On Friday 9 August 2019, there was a brief but widespread power cut across the UK, causing significant disruption to the train network. While an investigation is ongoing, there is already enough information to raise questions about the operation of the UK’s national grid and generation facilities.
Just before 5pm, a technical issue at RWE’s Little Barford gas-fired power station caused it to go offline, resulting in the loss of 324MW of generation capacity. A few minutes later, Orsted’s Hornsea offshore wind farm also went offline, with a loss of up to 812MW.
The UK electricity demand at the time was 28,995MW, so the combined loss of up to 1,136MW of capacity represented just under 4% of demand at the time. As a result, the grid frequency (which is normally 50 Hz) dropped to below 48.9Hz (the lower acceptable limit is 49.5Hz). This resulted in automatic disconnection of some electricity demand to prevent the frequency falling further still.
What was supposed to happen?
As the frequency dropped, generators would have increased output, battery storage would have provided power, and commercial electricity users would have reduced demand. This would have provided a short-term response to the drop in frequency, and over time additional generators would have started up to provide ongoing supply.
A loss of 1,136MW is below the ‘normal infeed loss risk’ of 1,320MW that the UK’s grid is supposed to be able to cope with, but changes to the definition of this risk over recent years reduced the requirement to procure additional frequency response capacity, on the basis that this would save money for consumers.
What questions need to be asked?
The first question is why the loss of these two generators caused the frequency to drop so much. The inertia provided by nuclear, gas and coal generators has been reducing over the past decade, but this is not a surprise and frequency response services have been procured from energy storage providers such as Highview Power and demand response providers such as Open Energi. The question is whether a larger volume of these services should have been procured to provide greater resilience.
The second question is why the train network was so badly affected. Some responsibility lies with the train operators, as certain trains needed to be manually reset, but the priority of electricity supply to the rail network and availability of backup power for signalling should also be investigated.
The third question is whether smaller distributed generation also disconnected from the grid, as has happened in the past when the grid frequency has dropped suddenly. This is a safety feature, but if triggered unnecessarily then it can make a bad situation worse, and regulations have been updated to reduce the occurrence of this – the question is whether it was still a factor this time.

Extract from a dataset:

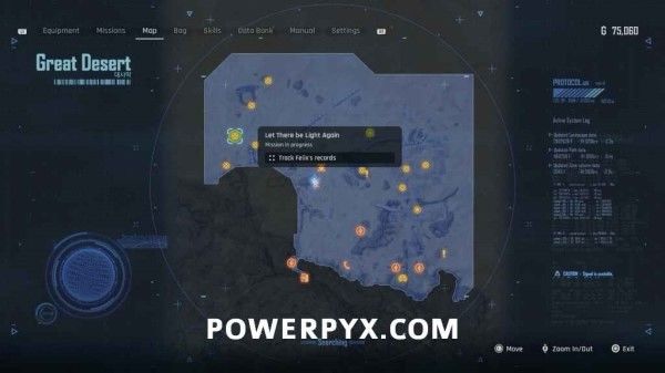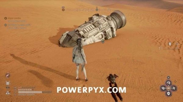 与书架互动后会解锁一个位于大沙漠西侧的新目标点,前往标记位置找到空投舱,拾取旁边的文档。
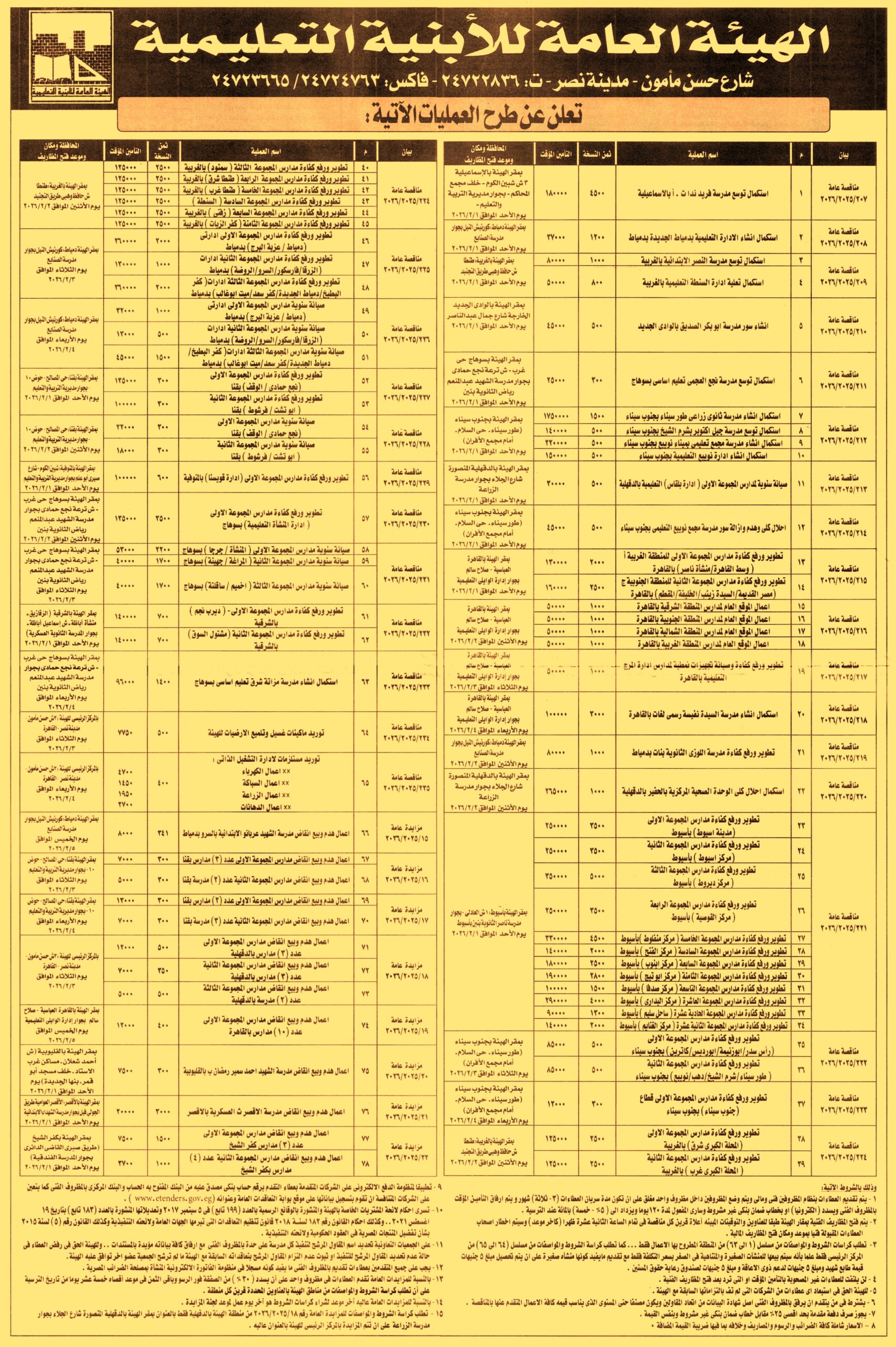 وعلى الجمعيات التعاونية تحديد أسم المقاول المرشح لتنفيذ كل مدرسة على حدة بالمظروف الفني مع ارفاق كافة بياناته مؤيدة بالمستندات وللهيئة الحق في رفض العطاء في حالة عدم تحديد المقاول المرشح للتنفيذ أو ثبوت عدم التزام المقاول المرشح بتعاقداته السابقة مع الهيئة ما لم ترشح الجمعية عضو أخر توافق عليه الهيئة

The final question is about the nature of our grid and generators. Until recently, the shift from fossil fuels to renewable energy was also a shift away from large centralised generators – this reduces some risks, as each small solar or wind farm has its own connection to the grid. But with the UK government’s ban on new onshore wind turbines, the focus has shifted to offshore wind farms, where economics of scale lead to large installations like Hornsea, which will be around 1,200 MW when complete – a similar size to a fossil fuel or nuclear generator.
Perhaps a renewed focus on distributed generation with many points of connection to the grid would reduce the risk of large single-point failures like the two that happened on 9 August?
This would work well with community energy projects, the like of which Ashden has awarded frequently in the past.
Update: 20 August 2019
National Grid has now published an interim report on the power cut, giving more detailed information. It seems that a lightning strike on the transmission network triggered the incident, but this is regarded as surprising as lightning strikes are a regular occurrence. Both Hornsea and Little Barford reduced their supply into the grid immediately after the lightning strike, and about 500MW of distributed generation also disconnected (which is as expected). Frequency response services kicked in, and stabilised the frequency, but then further power was lost from Little Barford as a direct result of the initial drop in output – this took the loss of generation to to 1,691 MW, which was more than the frequency response services available at the time could cope with, resulting in some automatic disconnection of demand. This new information answers some of the question posed above, but not all. A more detailed report from National Grid is due in September 2019.